Our busy daily lives leave little time and let’s face it energy to workout. But if you keep in mind these 5 reasons to incorporate a workout into your life, you will find the motivation to get going!

Life has become more stressful for many people. With that comes less time to cook healthy meals or cook at all. Fast food has in many instances a quick and easy excuse to fill our stomachs. Tired at the end of the day? Most of us are, grabbing a soda or alcoholic beverage and plopping on the sofa is easier than changing into workout gear and hitting the gym. If you find yourself in this predicament, and your not alone, Propta.com wants to inspire you with our 7 vital reasons to workout.   https://www.nytimes.com/2016/06/21/upshot/why-you-should-exercise-no-not-to-lose-weight.html?_r=0

Reason 1 to Workout- Your Spine

Whether you’re talking about losing weight or keeping your back feeling great, exercising regularly is hugely important. Exercise regimens that focus in on stretching the spine and connecting tissues and muscles can play a significant role in keeping the spine healthy. Not having an aching back would be great right? Well, there are things you can implement into your daily life to be pain-free.  https://propta.com/preventing-back-injuries/

Your core muscles—your lower back and abdominal muscles—need to be strong and supple in order to support your spine and take pressure off your lower back. It’s also important to do whatever you can to avoid sitting for long periods. Get up to stretch and walk around every 20 to 30 minutes

Sitting for long periods is hard on the back, remember to get up move, stretch and walk around as often as possible. During your lunch break try to take a nice walk.
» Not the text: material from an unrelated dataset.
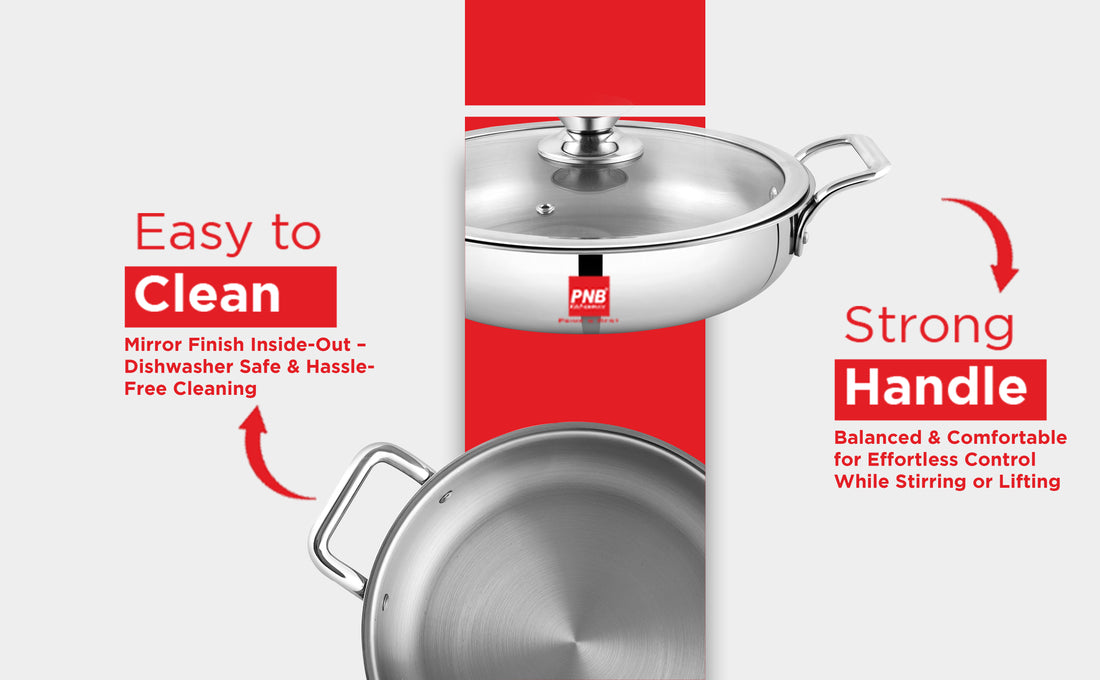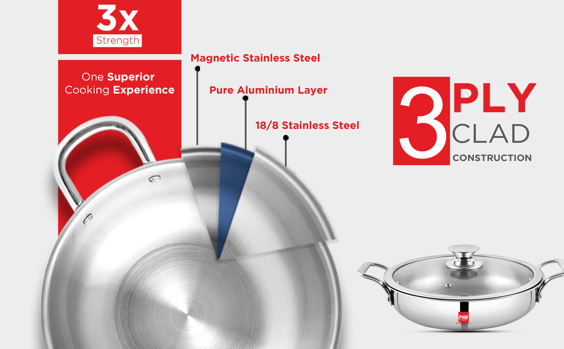 Premium 3-Ply Clad Construction: Our TriKlass Karahi features a 3-ply construction with a combination of magnetic stainless steel, pure aluminum, and 18/10 stainless steel, ensuring superior heat distribution and durability for perfect cooking results every time.

It’s also important to build strength in other muscle groups, including those in the back, legs, and stomach. Having strong muscles in these areas can reduce pressure on the spine and lessen the chance of sustaining a serious back injury.

Reason 2 to Workout-Your Sleep                                                   download

A recent National Sleep Foundation study found that up to 67 percent of regular exercisers say they get a good night’s sleep and it didn’t matter what time of day you exercise. Somme people may find that exercising at night stimulates them and affects their sleep, but that is individual. Exercise may also assist with a better night’s sleep in other ways. Studies have shown that exercise reduces stress and tires you out. It can be especially helpful if you can exercise outdoors and let your body absorb natural sunlight during the daytime hours. 

Reason 3 to Workout-Energy

Regular exercise 5 times a week, can boost energy levels by 20 percent and decrease fatigue by 65 percent; a run or other cardio workout can also reduce exhaustion. The reason: breaking a sweat raises your metabolism and increases production of the brain chemical dopamine, and that helps you feel less tired.

Reason 4 to Workout -Your Mood

When you have anxiety or depression, exercise often seems like the last thing you want to do. But once you get motivated, and start a routine you will feel the difference.

Exercise helps prevent and improve many health problems, including high blood pressure, diabetes, and arthritis. Research on anxiety, depression, and exercise shows that the psychological and physical benefits of exercise can also help reduce anxiety and improve mood.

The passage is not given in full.